6. Another striking feature in the conduct of Boaz is the care that he takes of the purity of unmarried women when at work in his fields; for Boaz said unto Ruth, “Have I not charged the young men that they shall not touch thee? Go not to glean in another field, but abide here fast by my maidens.” It would almost seem as if the young men and young women worked in different fields. How lamentable is the “contrast of a picture like this with that displayed by the estates of our farmers in seedtime, hay harvest and corn harvest. Imagine the long tale of shameful and miserable life that many a woman wrecked early on the quicksand of impurity has to tell upon her death-bed, and too often connects it all with the first hint given in the field in which God’s merciful hand was most singularly manifested in scattering His bounties.

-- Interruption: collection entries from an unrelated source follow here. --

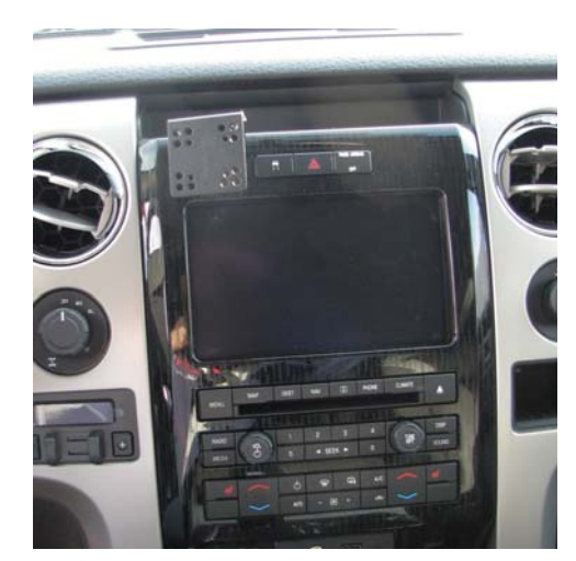
Mount in Place with Mounting Plate in Left Side Down Position on Nav.

INSTALLATION IS NOW COMPLETE. ENJOY YOUR NEW INDASH by PANAVISE MOUNT.
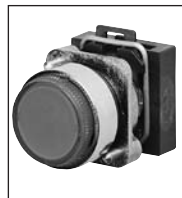
Operator Ø 22
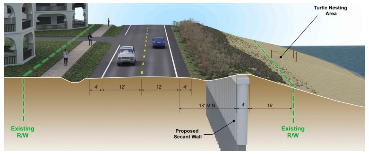
Figure 4: Concept rendering of the completed project for October 2019

7. But there is one more point full of instruction in the conduct of Boaz--his consideration of the gleaners. Some farmers close their gates altogether against the gleaner, and many are strict in their injunctions that but little shall be left for the poor. Yet surely the prayers of the poor, when genuine and honest, bring a blessing upon all around them, and what is given to them is but a loan to God. (E. Monro, M. A. )

Business to be sanctified by religion

Our forefathers symbolised a beautiful truth when in our old market towns they erected a market cross. As if to teach the buyers and sellers to order their actions and to sanctify their gains by the remembrance of a crucified Saviour. In the orders which God gave for the encampment of Israel during their pilgrimage to Canaan it was provided that every part of the camp looked towards the tabernacle. And thus God taught them ever to remember that He was in their midst, and that before Him they must walk day by day. (Aubrey C. Price, B. A.)

Piety with courtesy

Piety not only stands with humanity and civil courtesy, but also exacteth and requireth it (Matthew 12:1.; 1 Peter 3:8; Luke 10:5). God hath, His ethics, and commandeth good manners as well as good conscience. Affability and courtesy is the way to win others; men’s minds are taken with it, as passengers’ eyes are with fair flowers in the springtide; whereas a harsh, sullen, sour, churlish conversation is very distasteful to all, galleth the best (witness David, 1 Samuel 25:1.), and openeth bad men’s mouths to speak evil of religion. (J. Trapp.)